Prediction of target genes with bioinformatics tool
To further investigate the function of the differential expression tRFs/tiRNAs in FD BMSCs and BMSCs, we first performed target gene prediction of these tRFs (tDR‐006826, tDR‐006049, tDR‐001271, and tDR‐001276) via TargetScan and miRanda databases and showed the target components in Fig. 4a, b, c, d. tDR‐006826, tDR‐006049, tDR‐001271 and tDR‐001276 were predicted to 107, 78,148, and 275 target transcripts, respectively (Fig. 4 a, b, c, d).

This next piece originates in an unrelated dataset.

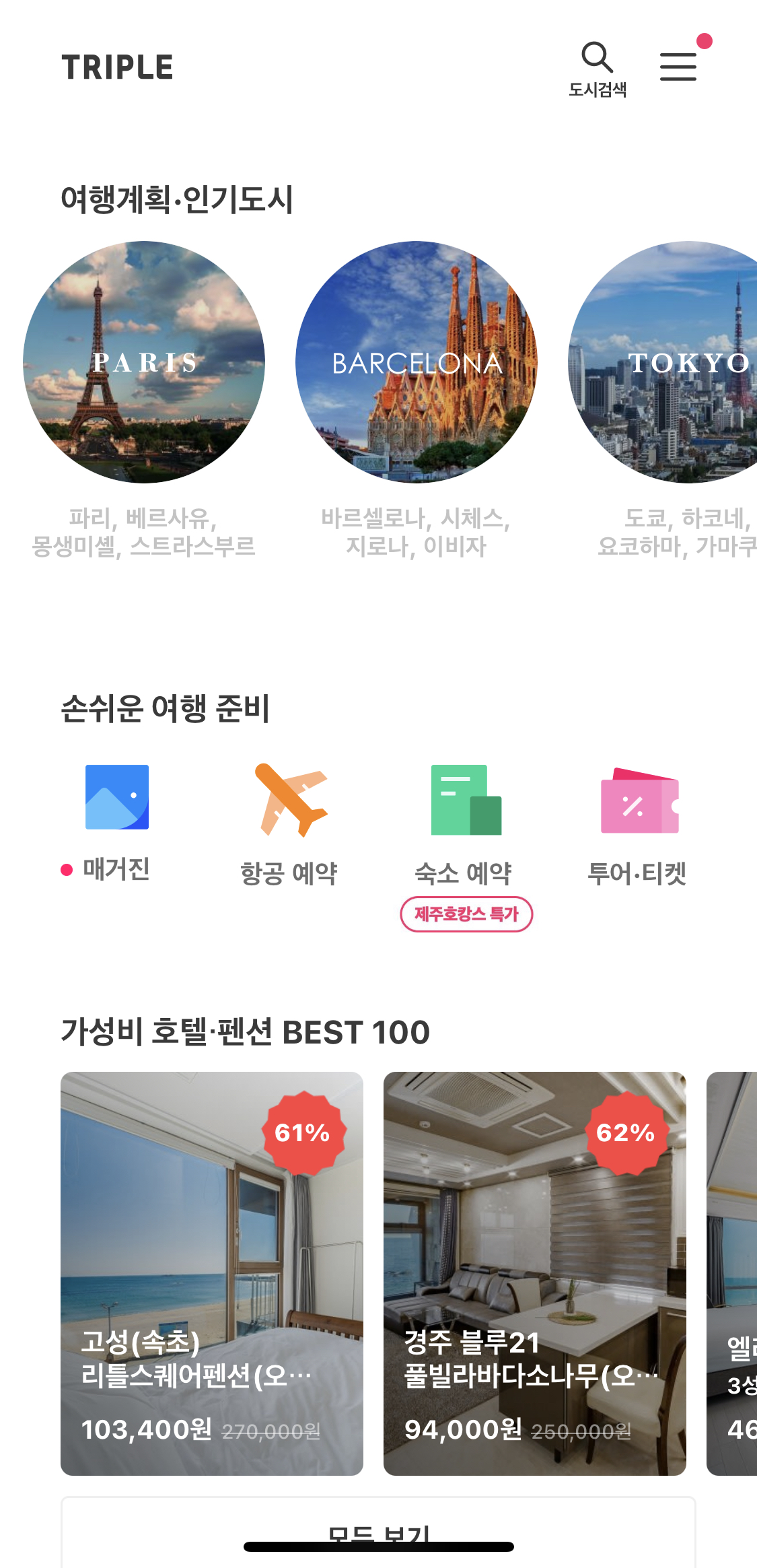 바로 여행하는 사람들의 필수 앱인 트리플 입니다. 지금은 시국이 시국인지라 국내여행이 가장 메인에 있지만 전세계 220여개 도시의 가이드가 담겨있어 계획을 세우는데 편리하게 참고할 수 있어요. 내가 가고 싶은 장소를 직접 선택해서 넣을 수도 있고, 해당 도시를 얼만큼 방문할 계획인지에 따라서 자동으로 코스를 추천해주기해요. 예를들면 파리 여행 3박 4일 코스 이런 것들이요.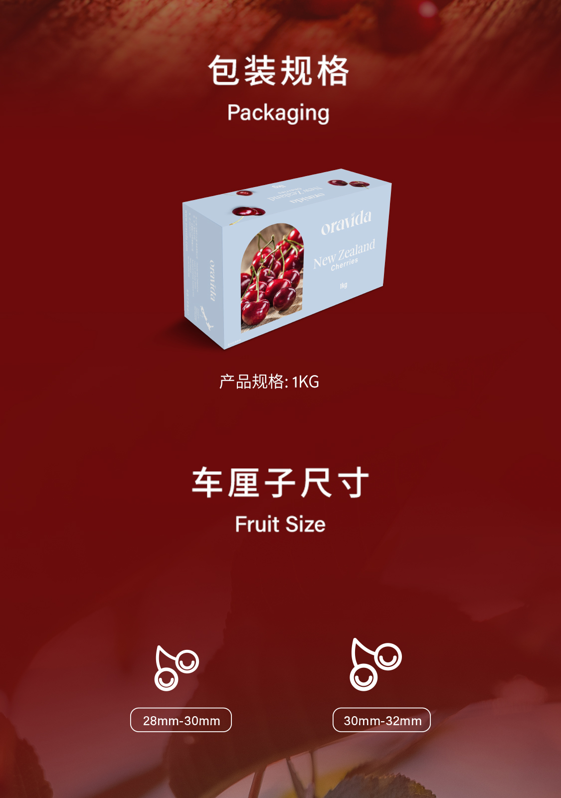 【预售1箱】oravida新西兰进口车厘子礼盒装28mm *1kg

GO enrichment and KEGG pathway analysis
The Gene Ontology (GO) analysis, which including biological process (BP), cellular components (CC), and molecular function (MF), was performed for the functional analysis for target genes. The target genes were most involved in phosphate ion binding (GO: 0042301, tDR‐006826) (Fig. 5a), transcription corepressor activity (GO: 0003714, tDR‐006049) (Fig. 5c), Transcriptional activator activity, RNA polymerase II proximal promoter sequence-specific DNA binding (GO: 0001077, tDR‐001271) (Fig. 5e), and four-way junction DNA binding (GO: 0000400, tDR‐001276) (Fig. 5g). By BP assay, it is found that tDR‐006826 was involved in Chromosome, centromeric region (GO: 0000775) (Fig. 5a), tDR‐006049 in intrinsic component of plasma membrane (GO: 0031226) (Fig. 5c), tDR‐001271 in intracellular membrane-bounded organelle (GO: 0043231) and tDR‐001276 in nucleoplasm part (GO: 0044451) (Fig. 5e, g), and their molecular functions included calcium ion transmembrane import into cytosol (GO: 0097553), regulation of plasma membrane organization (GO: 1903729), endocrine system development (GO: 0035270) and isoprenoid biosynthetic process (GO: 0008299), respectively (Fig. 5a, c, e, g). After mapping the targeted genes to terms in the Kyoto Encyclopedia of Genes and Genomes (KEGG) database, we found that the target genes participated in Th17 cell differentiation (tDR‐006826), FoxO signaling pathway (tDR‐006049), cellular senescence (tDR‐001271), and osteoclast differentiation (tDR‐001276) (Fig. 5b, d, f, h).
PPI network analysis
Protein-protein interaction (PPI) network for the target genes was established using the STRING database (https://www.string-db.org) (Fig. 6). We analyzed the PPI results and found that PPP2R5A, ADAMTS1, PPARA and POLR2C were the most frequently interacted proteins in target genes of tDR-006826, tDR-006049, tDR-001271 and tDR-001276, respectively.